Our study has several notable limitations: first, as an observational study, it does not establish causation. However, a potential dose-response relationship and the reproducibility of findings from different study designs may support causality. Nonetheless, GBS remains a rare disease, and the risk-to-benefit ratio should always be considered. Second, our study collected data on a per-dose basis, without gathering individual vaccination information. Consequently, we did not account for homologous or heterologous vaccination, which may have varying immunogenicity and reactogenicity [
16,
17]. Future studies addressing the cumulative effects of immune exposure should be conducted to address this issue. Third, we did not consider changes in vaccination policies throughout the study period.

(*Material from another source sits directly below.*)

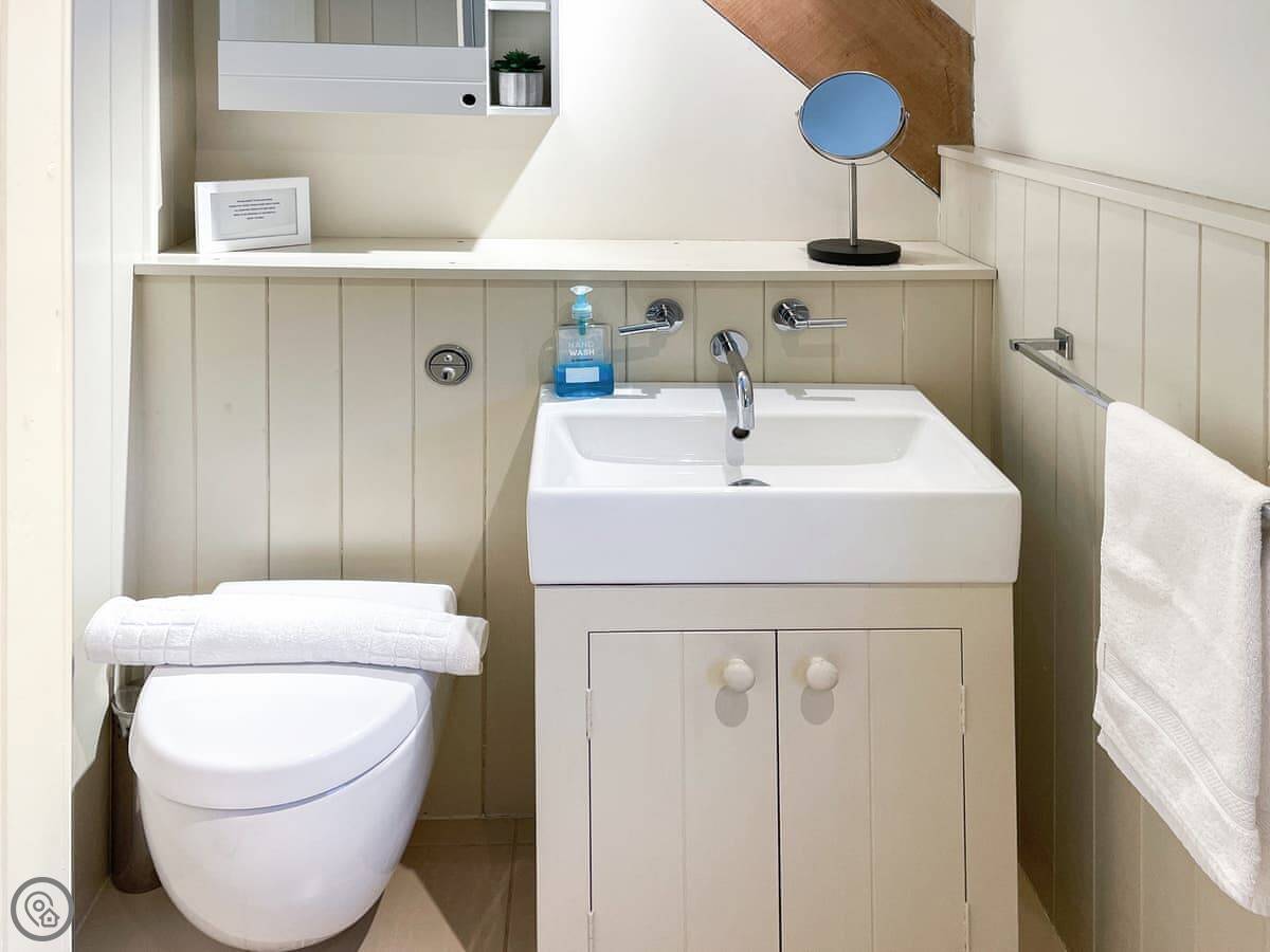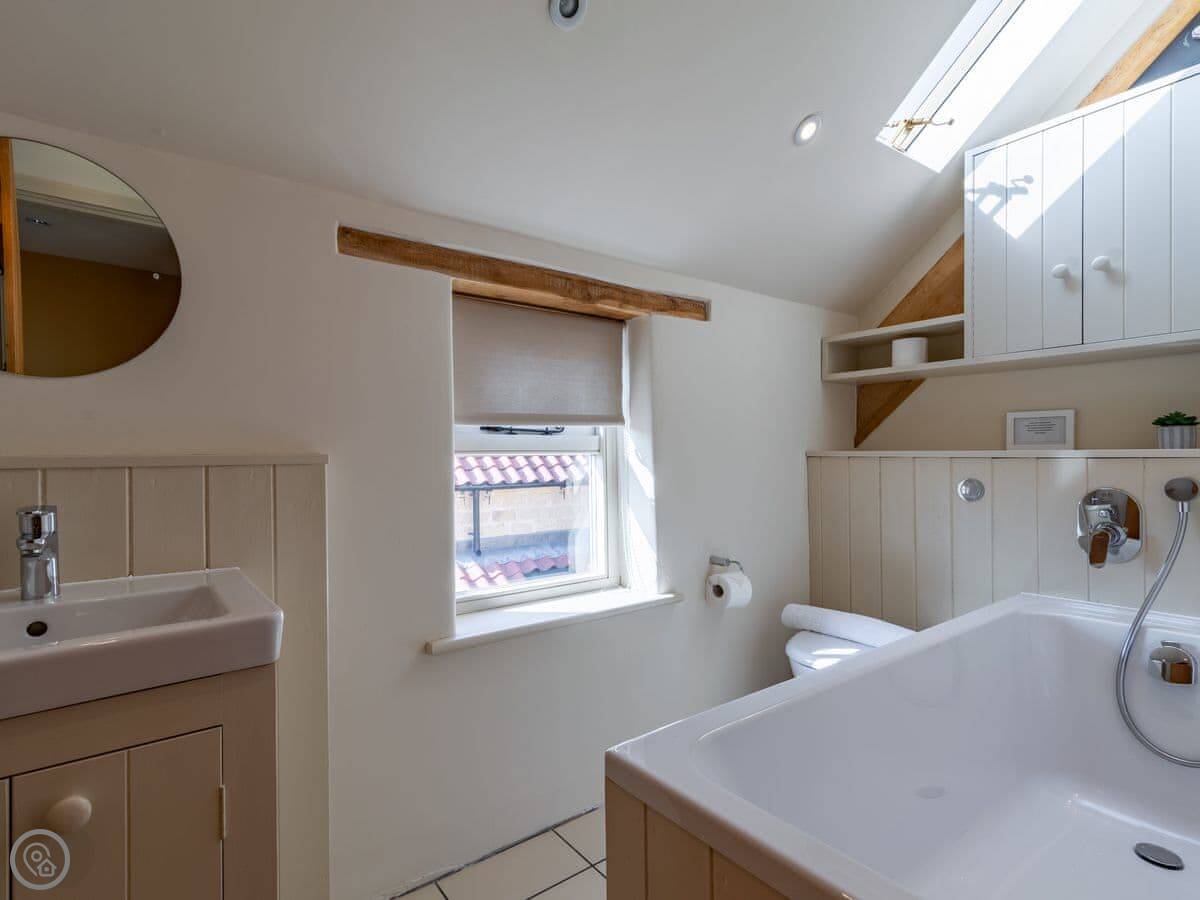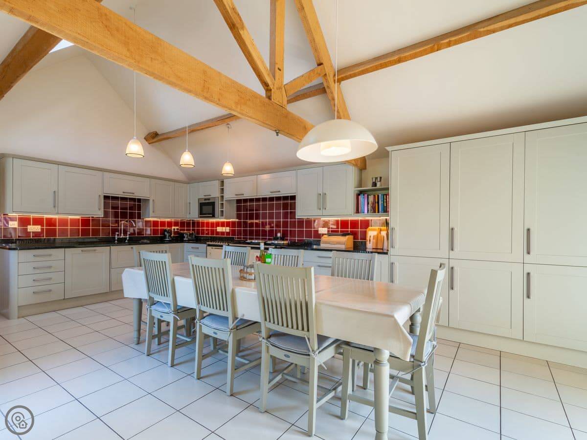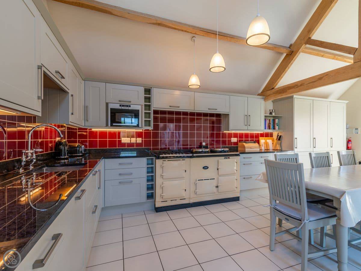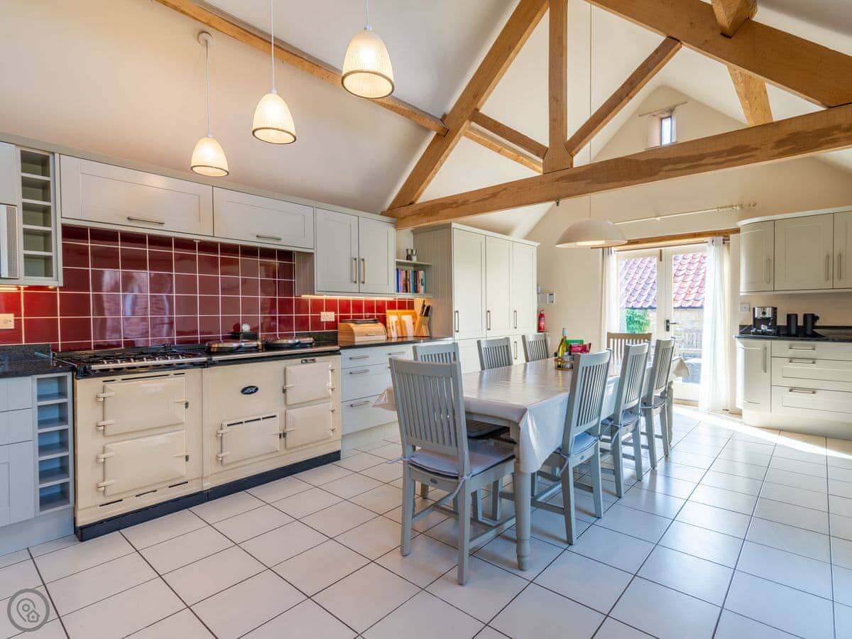 The kitchen is big and modern, with an Aga. There's also a gas stove and oven next to it, as a back-up. The underfloor heating is good. Doors lead out to a private courtyard and the garden. There's a separate utility room with a washing machine and a toilet.

This may have led to minor fluctuations in vaccination patterns across age groups, but the overall impact is unclear. Relatedly, our age group structure may not accurately reflect vaccination policies, as our age groups were reconstituted from the 10-year interval data used in our previous study. To improve accuracy, future studies employing 5-year age gaps may be beneficial. Finally, our study focuses on a single ethnicity. However, the Asian population has been underrepresented in phase III trials of SARS-CoV-2 vaccines, making it crucial to collect specific adverse event data from this demographic.

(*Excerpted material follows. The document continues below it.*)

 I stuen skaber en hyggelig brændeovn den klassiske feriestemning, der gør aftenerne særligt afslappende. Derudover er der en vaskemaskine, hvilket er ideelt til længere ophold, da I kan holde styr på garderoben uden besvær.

In conclusion, we hypothesize that a synergistic effect between age and the viral vector-based SARS-CoV-2 vaccine mechanism may contribute to an increased risk of GBS. We propose that future vaccination campaigns adopt a more personalized approach, or “safest pathway,” to minimize age-specific and biological mechanism-specific adverse events. For example, recommending mRNA-based vaccines instead of viral vector-based platforms and performing homologous vaccination whenever possible in older adults aged 60 years and above could be considered, until proven otherwise by other population-based studies, to avoid an increased risk of post-vaccination GBS.
Article information
Ethics Approval
The Institutional Review Board of the KDCA exempted this study from ethical approval (2022-01-03-PE-A) because of the retrospective analysis of de-identified data that were already obtained through epidemiological investigation, presented minimal privacy or confidentiality risk to participants, and met the current public health interest requirements. The requirement for consent was waived because we retrospectively collected de-identified data.
Conflicts of Interest
The authors have no conflicts of interest to declare.
Availability of Data
The datasets are not publicly available. Any inquiries regarding the study should be directed to the corresponding authors.
Authors’ Contributions
Conceptualization: HL, SRP, DC; Data curation: HL, DK; Formal analysis: HL, SP; Methodology: HL, SRP, JH; Validation: DK; Visualization: HL, SP; Writing–original draft: HL, JH; Writing–review & editing: DC, JH. All authors read and approved the final manuscript.
Acknowledgements
The authors acknowledge the assistance of all their colleagues at the Korea Disease Control and Prevention Agency and Gyeonggi Infectious Disease Control Center for their dedication to public health and overall support for this project.